Does anyone know of any websites were they have infringed copyright and typed it up? Or would anyone with the test be kind enough to give me a quick run through of the movements! Cheers!


----------



## carthorse (29 December 2007)

Have dressage diagrams got it on their site?


----------



## Ferdinase514 (29 December 2007)

http://www.dressagediagrams.org/20d/mainstart.asp?width=1024&amp;height=768&amp;first=no&amp;mess=-1


----------



## Law (29 December 2007)

20x40

working trot, 
change rein across diagonal medium trot 
10m circle 
halt immobility 6 secs
more medium trot
medium walk
working canter
half circle in working canter
counter canter
medium canter


----------



## ccooxxyy (29 December 2007)

its the same as elem 41 but broken up abit more to give more marks!!!!


----------



## lifeslemons (29 December 2007)

Cheers everyone - annoyed because I have already used up my free dressagediagrams trial and can't justify joining for the sake of one test!

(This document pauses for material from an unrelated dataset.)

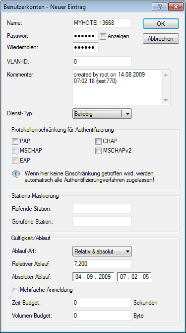 Anmerkung: Die Option für die Mehrfach-Logins muss deaktiviert werden, wenn der RADIUS-Benutzer ein Zeit-Budget erhalten soll. Die Einhaltung des Zeit-Budgets kann nur überwacht werden, wenn für den Benutzer zu jeder Zeit nur eine Sitzung aktiv ist. - Ablauf-Art Diese Option legt fest, wie die Gültigkeitsdauer des Benutzer-Accounts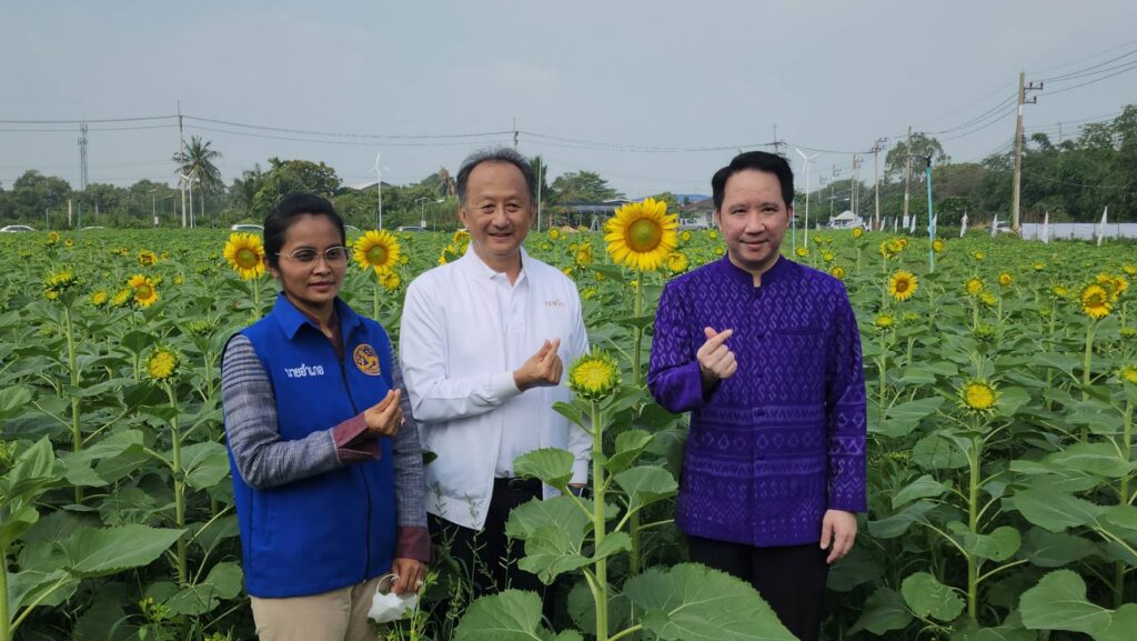 เมื่อเวลา 10.00 น. วันที่ 30 พฤศจิกายน 2565 ที่แปลงทานตะวัน บริษัท ซีพีแรม จำกัด สำนักงานใหญ่ ตำบลระแหง อำเภอลาดหลุมแก้ว จังหวัดปทุมธานี นายพงศธร กาญจนะจิตรา รองผู้ว่าราชการจังหวัดปทุมธานี เป็นประธานพิธีเปิดงาน “ทานตะวันบานสะพรั่งทั่วระแหง” ครั้งที่ 3 เพื่อส่งเสริมการท่องเที่ยววิถีชุมชน และกระตุ้นเศรษฐกิจฐานราก โดยมี นายวิเศษ วิศิษฎ์วิญญู กรรมการผู้จัดการบริษัท ซีพีแรม จำกัด สำนักงานใหญ่ พร้อมด้วยคณะผู้บริหารระดับสูง และเจ้าหน้าที่ บริษัท ซีพีแรม จำกัด ให้การต้อนรับ ซึ่งจะเริ่มเปิดทุ่งทานตะวันพร้อมบานสะพรั่งในระหว่างวันที่ 3 – 18 ธันวาคม 2565 นี้ บนพื้นที่กว่า 5 ไร่ พร้อมเลือกซื้อสินค้าทางด้านการเกษตรของชุมชน เยี่ยมชมฐานการเรียนรู้ด้านการเกษตร รับชมการจัดแสดงพืชผักนานาชนิด และยังได้รับกล้าผักฟรี

Thank you Law - doesn't look two bad, although I wish it was in a 20-60 - so much easier on big horses!


----------



## Ferdinase514 (29 December 2007)

You dont have to subscribe to buy the tests and store them online though. I'm not a member


----------



## Law (29 December 2007)

Doesn't it wipe them out of your portfolio after a set period?  I'm sure I bought a test and then went back to look at it a couple of months later and then it was gone  
	
	
		
		
	


	




  Might be imagining that though! 

Sorry to go OT


----------



## Ferdinase514 (29 December 2007)

It says it deletes them after 3months, but mine stay in there 
	
	
		
		
	


	




 Still have prelims in there and havent done any of those for ages....


----------